The runtime model is intentionally explicit:

- `TextForSpeech.Profile.semanticCore` is the always-on semantic built-in layer.
- `TextForSpeech.Profile.builtInStyle(_:)` returns one shipped style preset.
- `TextForSpeech.Profile.builtInBase(style:)` composes `semanticCore + style preset`.
- `TextForSpeech.Profile.base` is the default `.balanced` built-in base for convenience.
- `TextForSpeech.Profile.default` is the empty default custom profile value.
- `runtime.profiles.builtInStyle` is the currently selected shipped style preset.
- `runtime.profiles.activeID` is the stored custom profile id currently selected by the runtime.
- `runtime.profiles.active()` is the raw active custom profile.
- `runtime.profiles.effective()` is always `builtInBase(style: builtInStyle) + active custom`.
- `runtime.profiles.stored(id:)` reads a named stored custom profile without activating it.

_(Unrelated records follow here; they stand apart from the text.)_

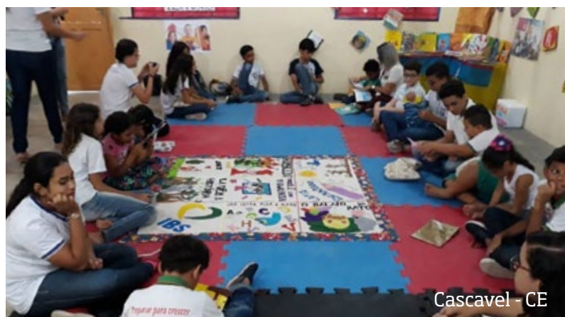
Cascavel - CE

Escolas apoiadas pelo Instituto Brasil Solidário mobilizaram-se para homenagear os financiadores dos programas do Instituto com ações em todo o país! Durante a culminância do Projeto 30 Minutos pela Leitura, muitas atividades utilizando os materiais doados com aporte dos financiadores!
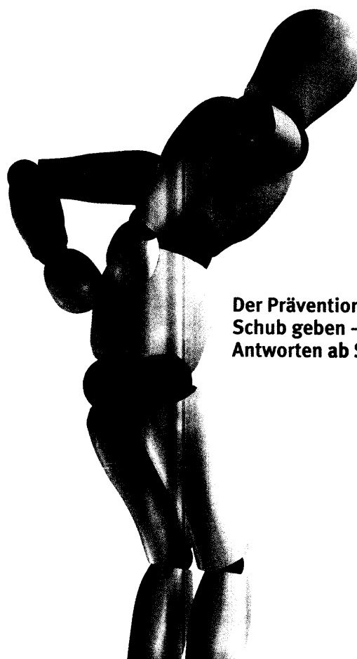
Der Prävention neuen Schub geben – aber wie? Antworten ab Seite 36
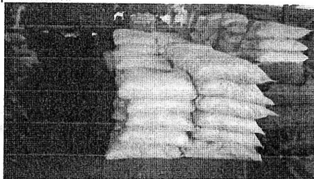
Fig. 2. 116 bulto de Carbón Vegetal especie Trupillo

Se realiza la incautación por no presentar ninguna documentación que acredite su legal transporte, como lo es el permiso o guía de movilización de productos forestales (Carbón vegetal).
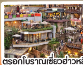
ตรอกโบราณเขี้ยวฮ่าวหลี่
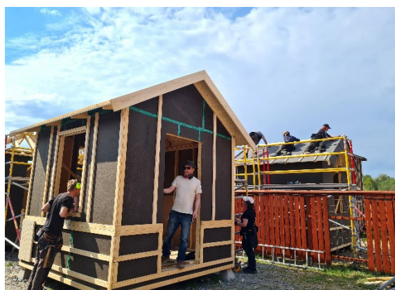
Överst till vänster: Bygga på plats av moduler till Grönsakstorget i Göteborg. Till höger: Stolpverksbygge till Brunnsbo. Nedan till vänster: Gemensamhetshuset som byggs av kursdeltagare. Tillsammans bygger vi. Till höger: Själobbyggarkursen.
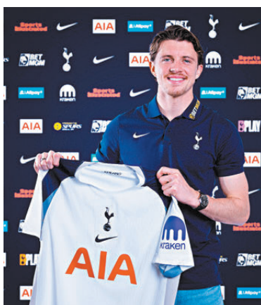
●加歷查加盟熱刺，成隊史第11貴收購。

在干拿加歷查完成交易後，英媒指自2019年11月普捷天奴下課以來，熱刺的轉會費總支出高達9.79億英鎊，在Big6球隊中排名第四，超過目前英超榜首的阿仙奴以及衛冕冠軍利物浦，但他們目前僅排名第14位。
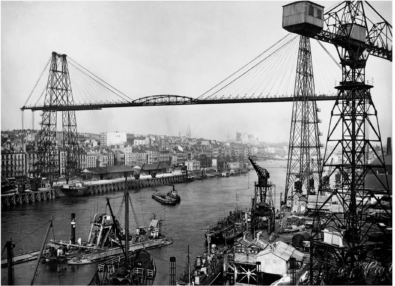
Hafengebiet an einem Flussarm der Loire; die Brücke wurde 1903 erstellt und 1958 wieder abgebrochen.

considerable hinterland, Nantes would have been quite irrelevant as a port. And without its opening towards the Atlantic, there would have been no trade with the West Indies, no sugar trade, no yards, nothing of the "big city" that knew how to seduce so many travellers. In the 17th century, Nantes became the first French slave port. The prosperity of Nantes shows in its neoclassical architecture. In the 18th century, entire districts were built, when the population of the town doubled. In the following century, the town became industrialized around its river and port. In the second half of the 19th century, the sites along the lower Loire built a good quarter of all ships in France. Nonetheless, the town did not escape the historical turning point: the outer harbour of Saint-Nazaire turned into a veritable competitor of Nantes; in fact,
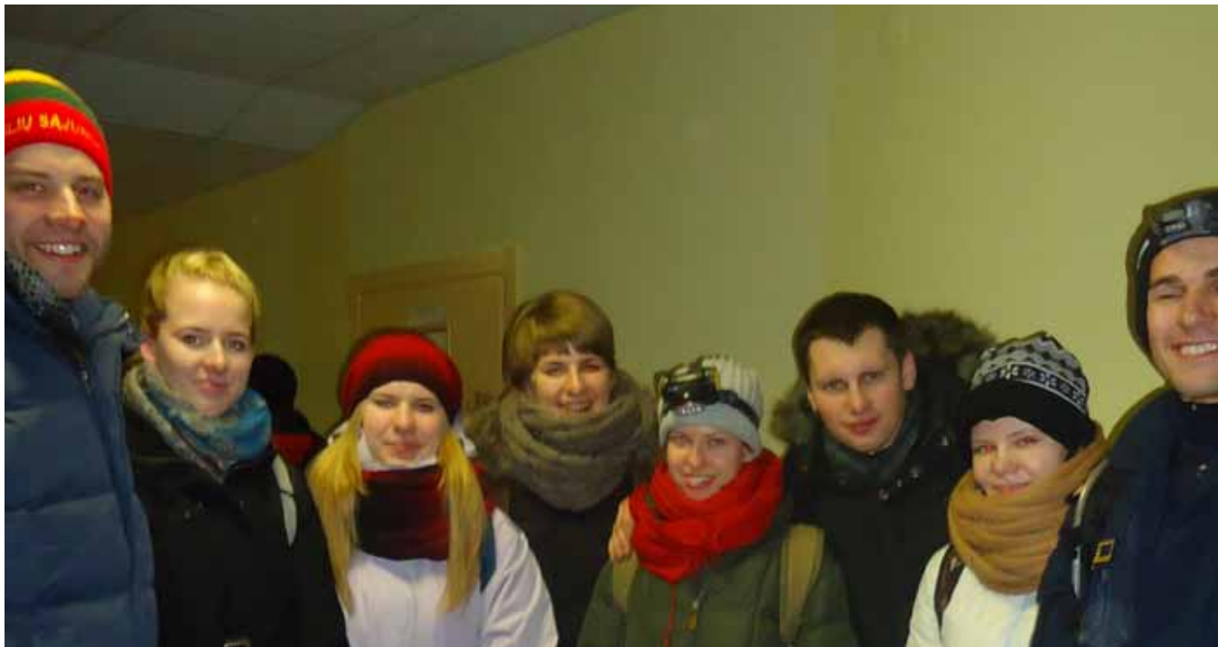
Lietuvos šaulių studentų korporacijos SAJA nariai prie Klaipėdos sukilimo paminklo 2013 m.
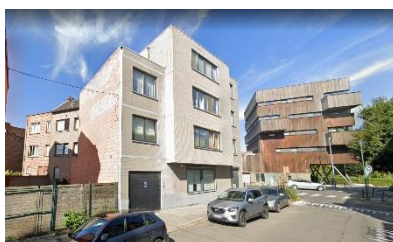
Immeuble concerné par la demande, façade donnant sur la rue de l'Escaut
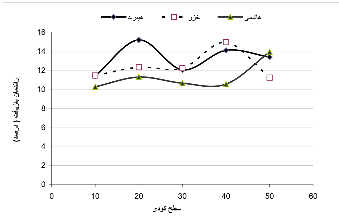
نمودار ۲- تغییرات راندمان بازیافت در ارقام مختلف و سطوح کودی مختلف
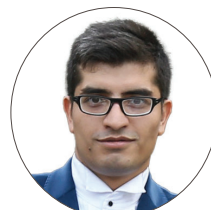
محمد نایب یزدی
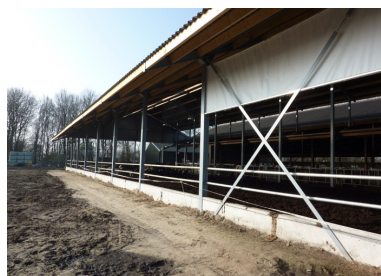
Stalden var helt åben i den langside, der ligger modsat foderbordet.
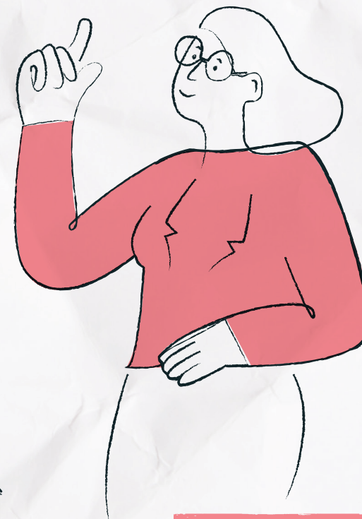
Convention de Lanzarote

Le Conseil de l'Europe compte 47 États membres, qui se trouvent sur tout le continent européen. Depuis 1949, il a pour mission de promouvoir la démocratie et de protéger les droits de l'homme.
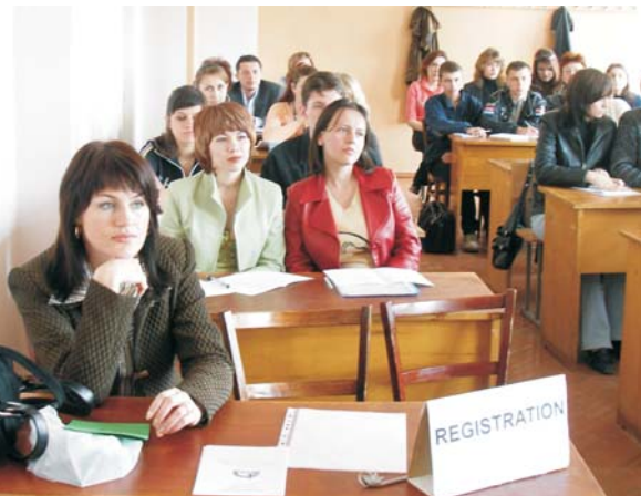
Засідання секції англійської мови

Сьогодні немає потреби когось переконувати в необхідності знання принаймні однієї іноземної мови. Спілкування людей світу на всіх рівнях у практично всіх сферах життя стає тіснішим з кожним кроком. Але попри всі технічні дива основою людського спілкування була і залишається жива природна мова, адже лише вона здатна передати всі відтінки думки, почуттів, характерів та стосунків співбесідників. Знання іноземної мови відкриває нові горизонти в освіті, кар'єрі, особистісному зростанні.
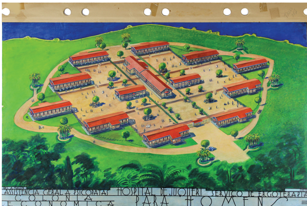
[Figura 01] Antonio Magon. Sem título. 1938.

Guache, nanquim, heliografia e grafite sobre papel. 52 x 77,5 cm.
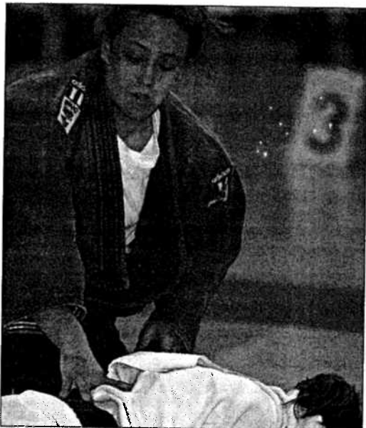
La judoka venció los emparejamientos por ippon en la repesca y semifinales

La componente del Bitácora sólo cedió contra la campeona
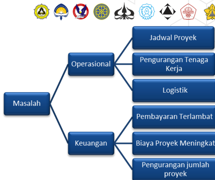
Gambar 1. Ringkasan masalah yang dihadapi proyek konstruksi akibat Pandemi COVID-19.
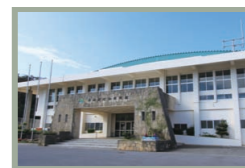
【J】具志頭社会体育館
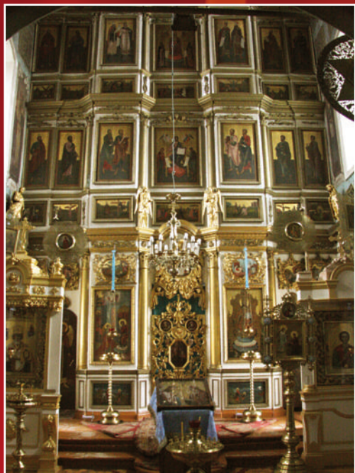
Иконостас главного придела
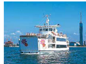
■フラワーのこ (能古島航路) Flower Noko (Nokonoshima Route)

博多湾内観光航路は、貸切船で、博多湾内を周遊する航路となっています。ツアーやイベント等にも幅広く利用され、市街地や博多湾の風景を、船上から楽しむことができます。Utilizing the Attractiveness of Ferries and the Port "Sightseeing Route within Hakata Bay" The Hakata Bay Sightseeing Route is a chartered ferry service that circles Hakata Bay. The route is widely used for tours and events, and allows passengers to enjoy the scenery of the city and Hakata Bay from the ship.

Persistence defaults to `.default`. `TextForSpeech.Runtime()` writes to Application Support automatically, namespaced by the host bundle identifier when one is available and falling back to `TextForSpeech` when it is not. In debug builds for bundled targets, the default store uses `TextForSpeech-Debug` instead so local debug runs do not touch the production namespace. Callers that need an explicit location can pass `.file(url)`. The selected built-in style is persisted alongside the active custom profile id and stored custom profiles.

## Source Layout

The package source lives under `Sources/TextForSpeech` and is organized by responsibility:

- `API/`
Public namespace-first entrypoints such as `Normalize` and `Forensics`.
- `Models/`
Core value types such as `Profile`, `Replacement`, `Context`, and the built-in profiles.
- `Normalization/`
The text lane, source lane, structural markdown parsing, replacement-rule engine, speech helpers, and format detection.
- `Runtime/`
Runtime ownership, grouped profile and persistence handles, persisted state, and runtime-facing errors.
The current source split keeps structural normalization logic separate from durable lexical policy:

- structural work such as markdown parsing, code-span extraction, and format detection stays in code
- durable lexical policy such as built-in aliases, identifier speaking, path speaking, URL speaking, repeated-letter-run handling, and style-specific speaking policy lives in the built-in profile layers

Tests live under `Tests/TextForSpeechTests` and are grouped by role:

- `Models/`
- `Normalization/`
- `Runtime/`
- top-level lexical helper coverage

## Development

Use the standard Swift package workflow from the repository root:

```bash
swift build
swift test
```

## Verification

The baseline verification path for this repository is:

```bash
swift build
swift test
```

For release work or architectural refactors, also review the current roadmap in [ROADMAP.md](ROADMAP.md) and the maintainer notes under [docs/maintainers](docs/maintainers).

## License

This project is licensed under the Apache License 2.0. See [LICENSE](LICENSE) for the full text.